Node Pool Autoscaler
Thalassa Cloud uses the upstream Kubernetes Cluster Autoscaler to automatically adjust the number of nodes in a node pool based on workload demand. Autoscaling is configured per node pool.
What the autoscaler does
- Monitors unschedulable Pods and node utilization
- Scales node pools up when Pods are pending due to insufficient resources
- Scales node pools down when nodes are underutilized and workloads can be consolidated
- Respects the configured minimum and maximum replica bounds of the node pool
Enabling autoscaling
Enable autoscaling on your node pool in the Thalassa Cloud Console, via API/CLI or through IaC such as Terraform.
Required settings:
- Autoscaling: Enabled
- Minimum replicas: The minimum number of nodes that will always be running. Can be set to
0
to allow the pool to scale down completely. - Maximum replicas: The maximum number of nodes that the autoscaler can create for the node pool.
Note: When the minimum is set to
0
, the node pool may scale to zero if there are no schedulable workloads requiring nodes from that pool.
How scaling decisions are made
The autoscaler reacts to pending Pods that cannot be scheduled due to resource constraints (CPU/memory, node selectors, taints/tolerations, topology). The autoscaler considers the node pool’s configured instance type and constraints to determine if adding a node resolves the scheduling bottleneck.
Scale-down occurs when nodes are underutilized and Pods can be rescheduled onto other nodes within the pool without violating Pod disruption budgets or anti-affinity rules.
Per-node-pool autoscaler annotations
You can fine-tune the autoscaler behavior per node pool using annotations on the node pool resource (not to be confused with node annotations). The following annotations are supported:
Annotation | Type | Description |
---|---|---|
cluster-autoscaler.kubernetes.io/scale-down-utilization-threshold | float | Target utilization threshold for considering nodes unneeded during scale-down. |
cluster-autoscaler.kubernetes.io/scale-down-gpu-utilization-threshold | float | GPU utilization threshold for considering GPU nodes unneeded during scale-down. |
cluster-autoscaler.kubernetes.io/scale-down-unneeded-time | duration | How long a node should be underutilized before considered for scale-down (e.g. 10m , 30m ). |
cluster-autoscaler.kubernetes.io/scale-down-unready-time | duration | How long an unready node should be unready before considered for scale-down. |
cluster-autoscaler.kubernetes.io/zero-or-max-node-scaling | bool | If true, scales a node pool either to zero or directly to the max size in certain scenarios. |
cluster-autoscaler.kubernetes.io/ignore-daemonsets-utilization | bool | If true, excludes DaemonSet Pods from utilization calculations for scale-down. |
Example
apiVersion: k8s.thalassa.cloud/v1
kind: NodePool
metadata:
name: general-pool
annotations:
cluster-autoscaler.kubernetes.io/scale-down-utilization-threshold: "0.5"

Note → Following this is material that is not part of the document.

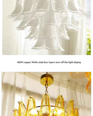Premium Crystal Design_ The crystal chandelier features high-quality glass crystals that reflect light beautifully.

cluster-autoscaler.kubernetes.io/scale-down-unneeded-time: "10m"
cluster-autoscaler.kubernetes.io/ignore-daemonsets-utilization: "true"
spec:
autoscaling:
enabled: true
minReplicas: 0
maxReplicas: 10
Best practices
- Set realistic min/max bounds that align with your workload patterns and budget
- Use multiple node pools to separate workloads with different requirements (e.g., general purpose vs. GPU)
- Ensure Pod requests/limits are set so the scheduler and autoscaler can make accurate decisions
- Configure PodDisruptionBudgets (PDBs) to protect critical workloads during scale-down
- Use taints and tolerations to control which Pods can land on which node pools
Troubleshooting
- Pods remain Pending but no scale-up happens:
- Verify Pod resource requests, node selectors, tolerations, and topology constraints match the node pool
- Check that max replicas is high enough
- Ensure autoscaling is enabled for the node pool
- You might have reached your Organisation’s CPU or Memory quota. See if you need to request a quota increase.
- Scale-down does not occur:
- Nodes may be blocked by PDBs or anti-affinity
- Workloads may fully utilize the nodes